Your self-assessment tax return must be submitted to HMRC by 31 January. But it isn’t the only tax deadline you need to be aware of.

When the new tax year kicks in on 6 April 2016, there are two important changes to the tax you pay on your savings and investment income that you need to pay attention to, namely the new personal savings allowance and the changes to the dividend taxation regime.

  1. Personal Savings Allowance

What’s happening? In the March 2015 Budget, Chancellor George Osborne introduced a new personal savings allowance. From 6 April 2016 the first £1,000 of the interest basic rate taxpayers earn on all their savings will be completely tax-free. For higher rate taxpayers the allowance will be set at £500. Additional rate taxpayers will not receive a personal savings allowance.

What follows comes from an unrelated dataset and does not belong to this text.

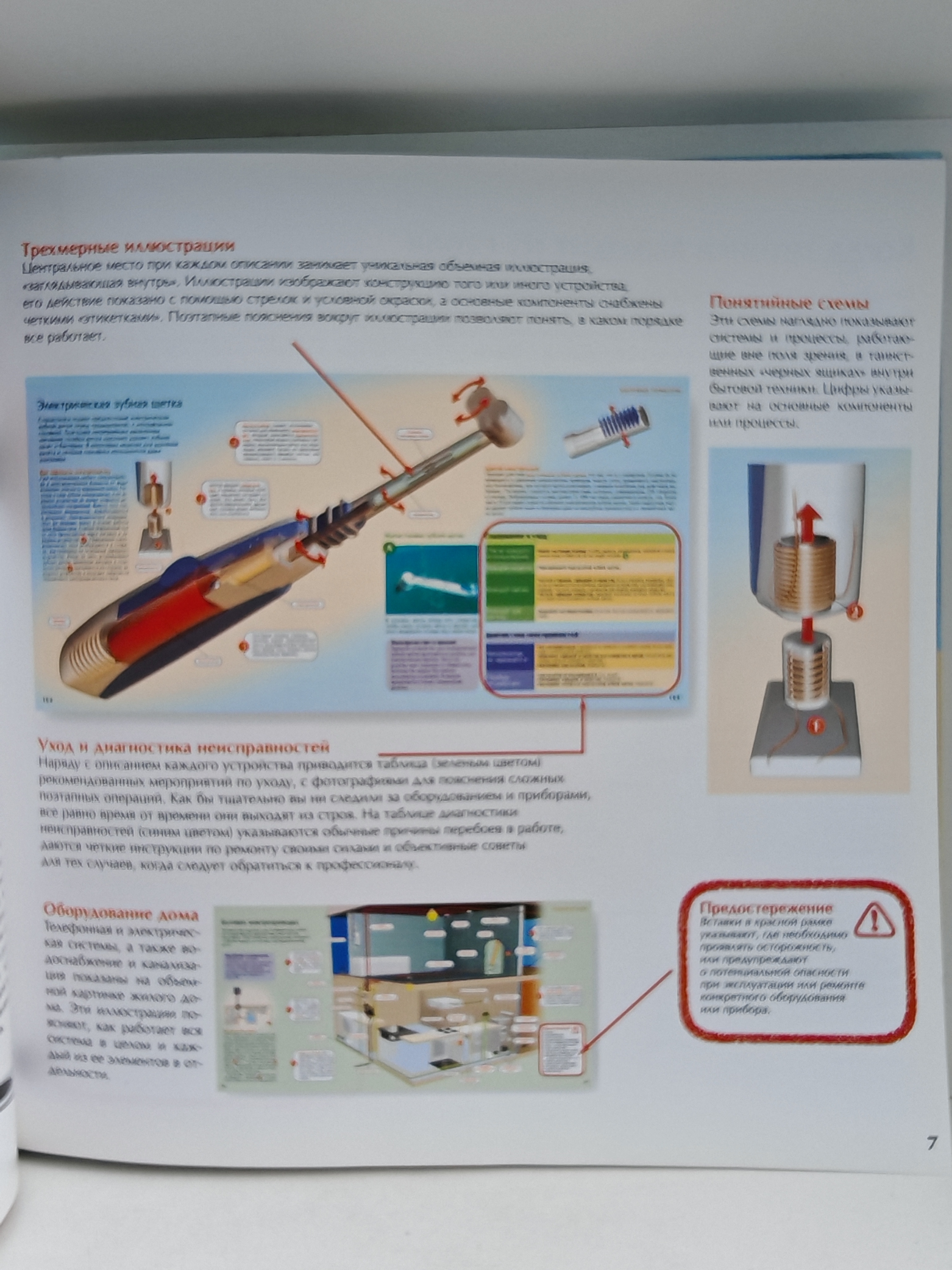 Книга разбирает устройства и системы дома «по винтикам»: тостеры и стиральные машины, телевизоры и видеомагнитофоны, телефоны и компьютеры, электродрели и перфораторы, электропроводка, отопительная система и канализация. В книге: — уникальные диаграммы «Что там внутри» (наглядно демонстрируют, как работает домашняя техника); — списки необходимых профилактических работ (помогут содержать дом в образцовом порядке); — таблицы наиболее частых неисправностей («скорая помощь» для техники); — пошаговые инструкции по устранению поломок (сберегут время и деньги).

Who will be affected? The new personal savings allowance is expected to take 95% of taxpayers out of savings tax altogether with 17 million seeing the tax on their savings abolished.

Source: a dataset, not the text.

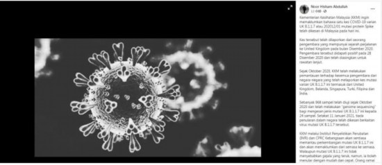 马来西亚卫生部总监努尔·希沙姆个人社交媒体账户截图。

What does it mean for my savings and investments? With interest rates as low as they are, you could shelter an amount far exceeding the annual cash ISA allowance, in several savings accounts without paying tax. However, it’s worth remembering that money held in an ISA is protected from tax year after year, which means over time you can protect more and more. Also, spouses can inherit their deceased partner’s ISA, retaining the tax free status – you can’t inherit their personal savings allowance.

Holding money in a stocks and shares ISA may still result in superior returns over the long term compared to a cash investment. Our figures show if a saver had invested £15,000 into the FTSE 250 index over the 10 year period from 31 December 2005 to 31 December 2015, they would now be left with £39093.38. If, however, they had invested £15,000 into the average UK savings account over the same period, they would be left with £16096.50. That’s a difference of £22,996.88 – too big for anyone to ignore.”

  1. Dividend taxation regime

What’s happening? Currently those receiving dividends benefit from a 10% tax credit – this will be abolished from 6 April 2016 and be replaced with a new tax-free allowance of £5,000. This means anyone who receives dividends won’t pay tax up to this amount.

Thereafter, they will be taxed as follows:

  • 5% for basic rate (20p) taxpayers
  • 5% for higher rate (40p) taxpayers
  • 1% for additional rate (45p) taxpayers

Who will be affected? According to the Treasury’s calculations 85% of those who receive dividends will either see no change or benefit. It will be a simpler, cleaner and ultimately fairer system – you will have a much clearer picture of how much dividend tax you’re actually paying.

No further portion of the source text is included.